Tema da tese: Real-Time Simulation of Supply Chain Processes Supported by Big Data in an Industry 4.0 Context
Autor: António Amaro Costa Vieira
Programa Doutoral: Programa Doutoral em Sistemas Avançados de Engenharia para a Indústria
Orientadores: Luis Miguel da Silva Dias, Maribel Yasmina Campos Alves Santos
Data de Defesa: 02/10/2019
The dynamic and complex nature of Supply Chains exposes these networks to disruptive events, which have consequences that are hard to quantify. To avoid such problems, simulation may be used, as it allows the uncertain and dynamic nature of systems to be considered. Furthermore, such systems comprise several processes, with the respective sources generating data with increasingly high volumes and velocities. This data can add the required level of detail to the simulation models, hence paving the way for the development of simulation models in Big Data contexts.
This thesis analyzed the real case of an automotive electronics Supply Chain and proposed a Decision-Support System, supported by a Big Data Warehouse and a simulation model. The first stores and integrates data from multiple sources and the second reproduces movements of goods and information exchanges from such data, incorporates risks and allows their impact to be analyzed.

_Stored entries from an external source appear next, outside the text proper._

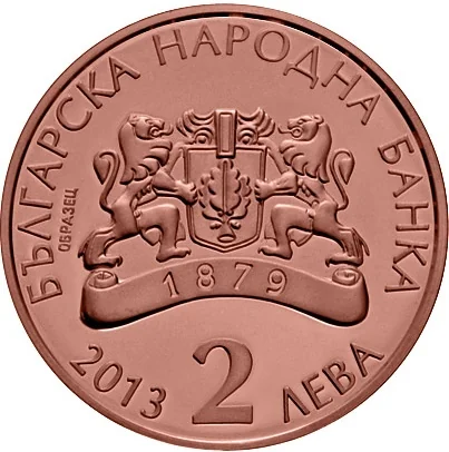 The obverse shows the BNB logo and "1879" on a central strip, encircled by "БЪЛГАРСКА НАРОДНА БАНКА," "2 ЛЕВА," and the issue year "2013."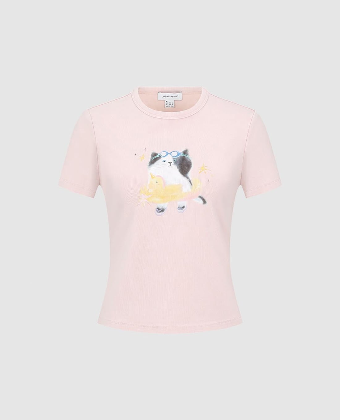 - Hình in chú mèo đáng yêu tạo điểm nhấn trẻ trung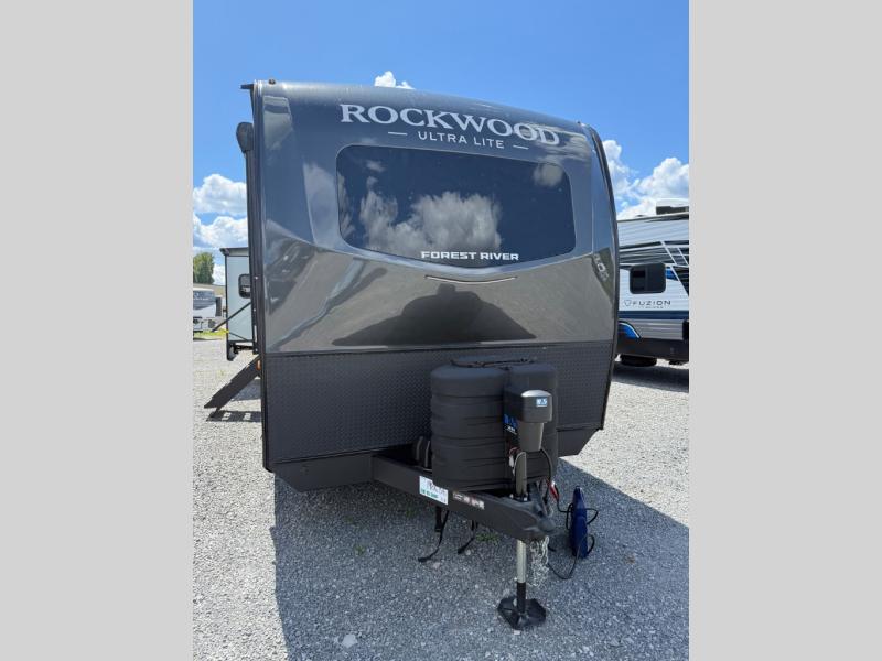 Each Rockwood Ultra Lite travel trailer by Forest River includes superior construction with a high gloss fiberglass cap, aluminum cage construction, and a power awning with LED lighting for a cozy and functional outdoor space. The torsion axle, power tongue jack will make towing smooth and hassle-free, along with the nitrogen filled, Goodyear Endurance tires and the tire pressure monitor system. Interior comforts include kitchen sink with high rise faucet, hidden hinge cabinet doors, and roller shades to name a few. Choose a Rockwood Ultra Lite travel trailer today!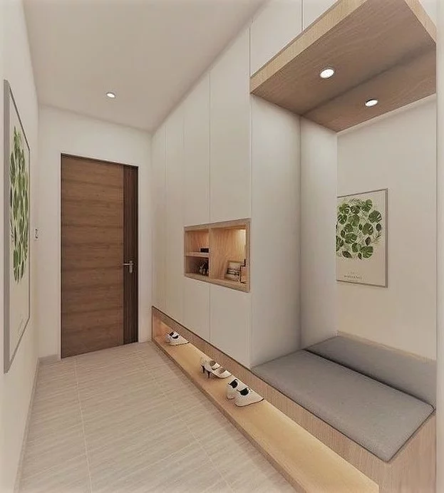 进门空间在柜体处隔断出了一个小格,内里安上小灯照明。在玄关进门的鞋柜除过头顶的主要照明灯以外,镂空上下都可以做成感应灯,这样进门自动亮起也是非常实用,同时灯光层次更好,进门第一感觉更有家的温馨。除过鞋柜镂空区域的氛围灯以及感应布置,头顶可以采用灯带营造更温馨的门厅空间。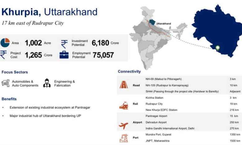 मुख्यमंत्री पुष्कर सिंह धामी ने उत्तराखंड के खुरपिया को औद्योगिक स्मार्ट सिटी की सूची में शामिल करने के लिए प्रधानमंत्री नरेंद्र मोदी का आभार व्यक्त किया है. उन्होंने कहा कि प्रस्तावित औद्योगिक स्मार्ट सिटी से राज्य के आर्थिक विकास को गति मिलेगी और बुनियादी ढांचागत गतिविधियों को बढ़ाने में मदद मिलेगी। खुरपिया में 6,180 करोड़ रुपये की निवेश क्षमता होगी और 75,057 लोगों को रोजगार मिलेगा। सरकार ने खुरपिया के लिए फोकस सेक्टर में ऑटोमोबाइल, ऑटो कंपोनेंट, इंजीनियरिंग और फैब्रिकेशन सेक्टर को शामिल किया है।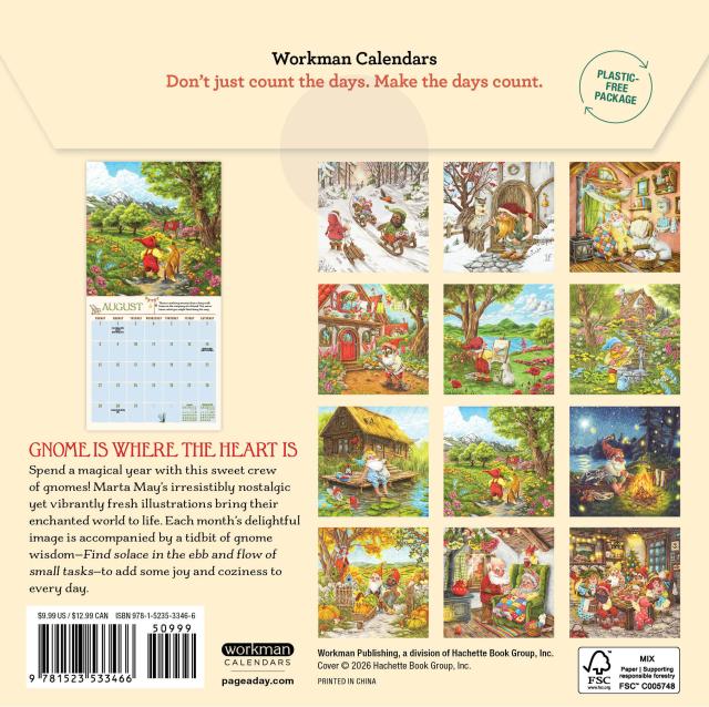 - GNOME SWEET GNOME: A tiny crew of gnomes brighten each month with woodland animals, mushrooms, and wildflowers, plus tidbits of gnome wisdom: Find solace in the ebb and flow of small tasks.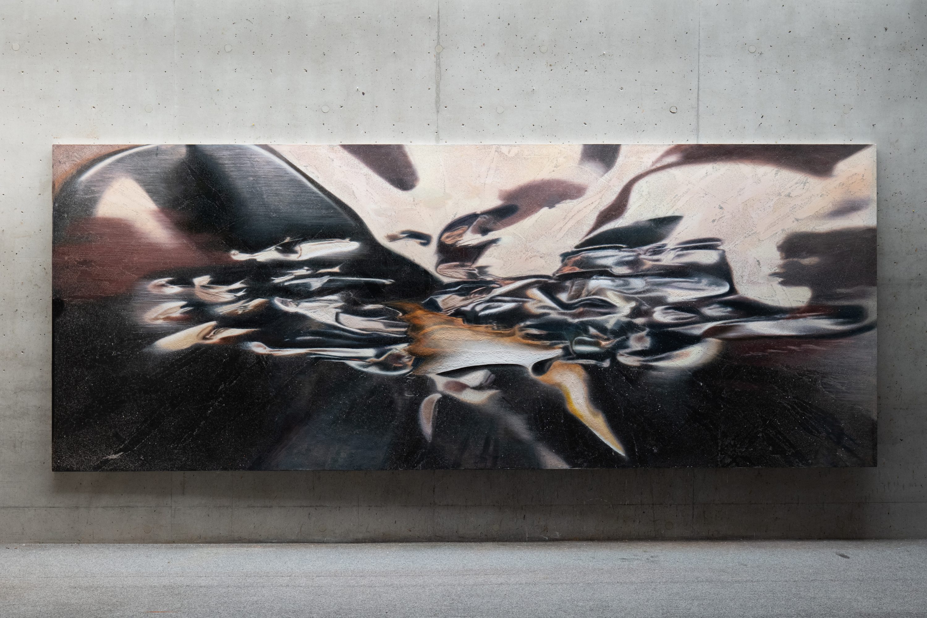 Bosisio has always pursued the expression of two contrary ideas of inorganic and organic matter, and he focuses a tranquil macro-perspective towards the worlds of each. He sees destruction and interference, but also a merging, and explores the unique dynamism within them. For the large painting, which is the fulcrum of the exhibition, the artist himself engaged in interference with and destruction of a metal object, and painted from photographs of the resulting form. The transformed metal matter, which underwent destruction at the hands of the artist – a physical body – encounters light, and while its identity has been destabilized, it remains, functioning like a trace of light. Through the aggressive process of destruction, its world impacts in a more vague and expansive territory, as though merging, spreading on the canvas like a universe. It captures what the material hides and reveals under pressure, the eternal interference and resonance between them, and a moment that is in constant transformation.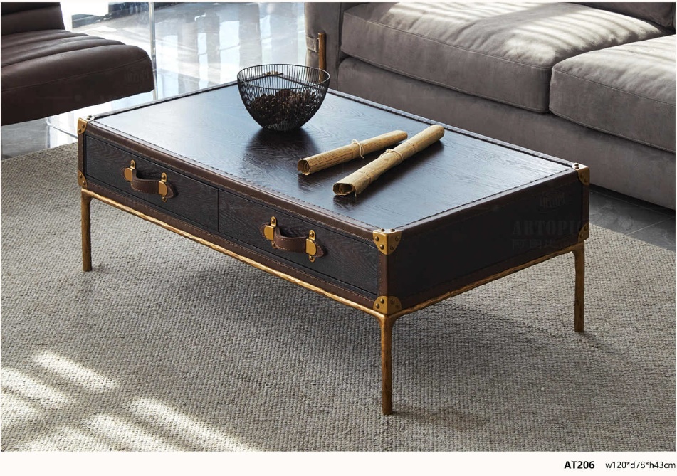 AT206 Modern Industrial Coffee Table with Leather Drawers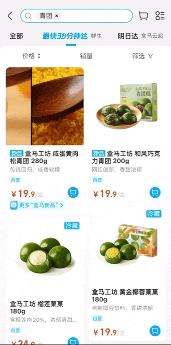 比如,盒马工坊有咸蛋黄肉松青团、和风巧克力青团、笋干菜青团等;叮咚买菜有槐花豆沙青团、腌笃鲜青团、红提乳酪青团等,可以满足不同人群的需求。

Albeit the organization, where this thesis was inserted, has technological conditions and reference business processes, several data problems were observed. Simulation was used to detect and bypass some of these issues, since those incoherencies were only identified by the needs inherent to the use of simulation. The identification of such issues in this excellence environment suggests the novelty of this research and that similar projects may experience equivalent problems. Hence, a classification of the identified data issues was proposed, serving as a milestone for future similar projects. Having bypassed such data issues, simulation was used to support the decision-making, allowing to: (1) run simulations using the stored data; (2) incorporate risks either by allowing users to fire disruptions in runtime, or by applying statistical distributions; (3) adapt the simulation model in real-time to eventual data changes; (4) load the system’s state from the data to analyze specific time slots without having to wait for the simulation to reach the start of the analysis; (5) and allow the simulation to run beyond the stored data, adding, thus, predictive features to the simulation models.